(TASK INSTRUCTIONS):
Beneath this line are entries. Copy the range from the line with "[鲸吨吨零冷水]林内燃气热水器天然气恒温即开即热20/24升GD61R" to the line with "The visitor center", ends included, exactly; leave pictures out.

(MATERIAL SHOWN):
+++

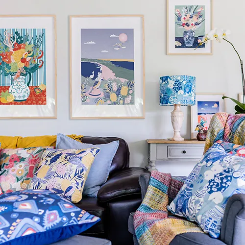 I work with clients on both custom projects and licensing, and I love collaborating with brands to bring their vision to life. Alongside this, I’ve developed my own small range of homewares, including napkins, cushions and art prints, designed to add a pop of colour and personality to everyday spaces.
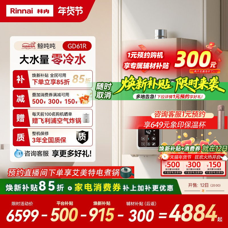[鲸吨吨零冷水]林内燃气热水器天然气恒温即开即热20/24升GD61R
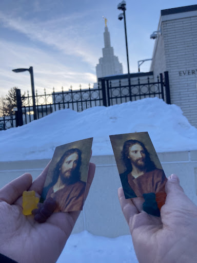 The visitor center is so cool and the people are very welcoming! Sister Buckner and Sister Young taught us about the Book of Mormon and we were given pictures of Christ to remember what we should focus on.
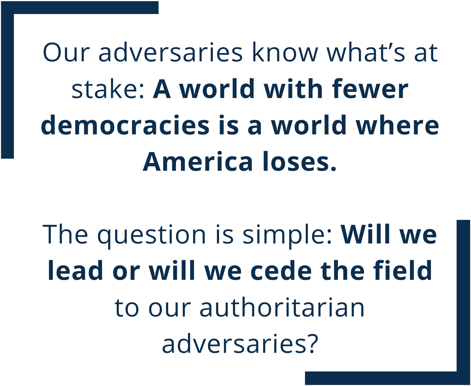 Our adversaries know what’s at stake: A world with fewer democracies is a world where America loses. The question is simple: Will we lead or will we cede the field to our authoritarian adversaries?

+++

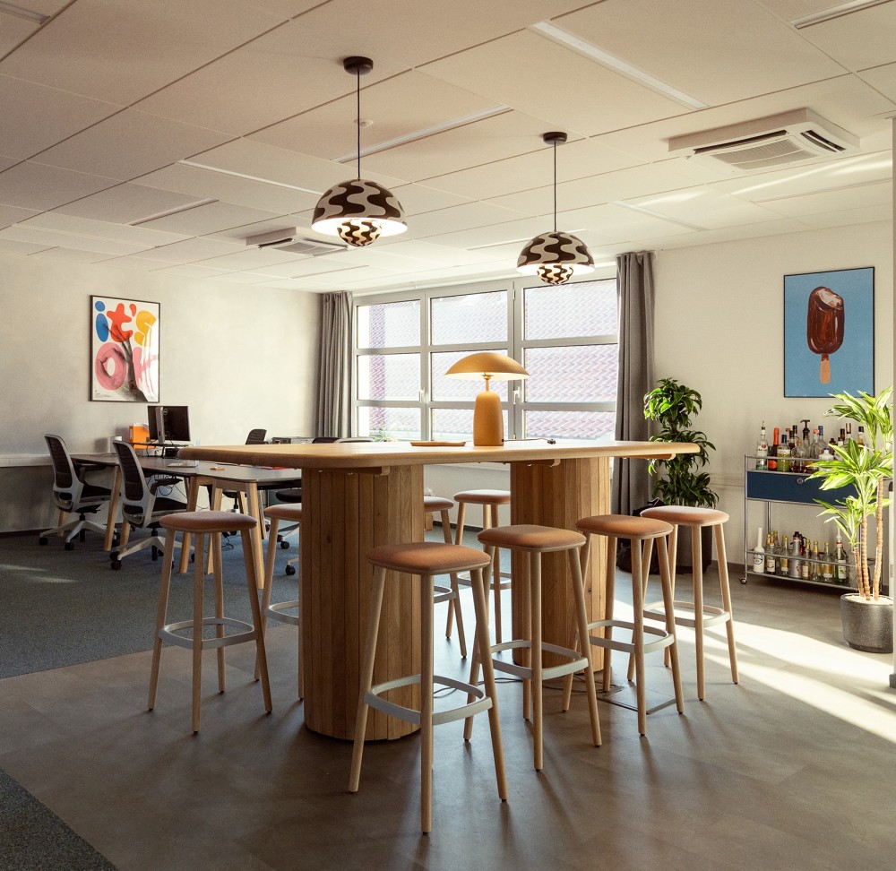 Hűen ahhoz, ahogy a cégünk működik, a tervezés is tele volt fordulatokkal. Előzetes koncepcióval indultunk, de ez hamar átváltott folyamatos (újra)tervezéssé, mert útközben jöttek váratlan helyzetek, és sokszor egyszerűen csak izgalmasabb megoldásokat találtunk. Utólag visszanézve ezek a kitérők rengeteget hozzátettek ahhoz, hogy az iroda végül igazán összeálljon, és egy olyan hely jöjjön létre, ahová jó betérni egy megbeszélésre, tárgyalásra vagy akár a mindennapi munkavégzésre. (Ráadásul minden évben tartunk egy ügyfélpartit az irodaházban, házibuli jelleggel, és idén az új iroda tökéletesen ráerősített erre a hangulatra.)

+++

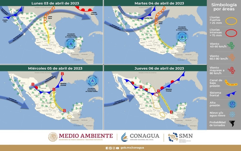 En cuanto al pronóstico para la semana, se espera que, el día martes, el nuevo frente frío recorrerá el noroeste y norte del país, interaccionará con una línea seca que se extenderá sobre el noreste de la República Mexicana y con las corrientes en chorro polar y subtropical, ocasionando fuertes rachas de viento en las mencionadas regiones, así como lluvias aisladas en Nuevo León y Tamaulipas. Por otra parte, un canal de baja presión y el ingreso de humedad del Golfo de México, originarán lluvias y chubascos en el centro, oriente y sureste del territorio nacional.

+++

(EXERCISE RESULT):
[鲸吨吨零冷水]林内燃气热水器天然气恒温即开即热20/24升GD61R
 The visitor center is so cool and the people are very welcoming! Sister Buckner and Sister Young taught us about the Book of Mormon and we were given pictures of Christ to remember what we should focus on.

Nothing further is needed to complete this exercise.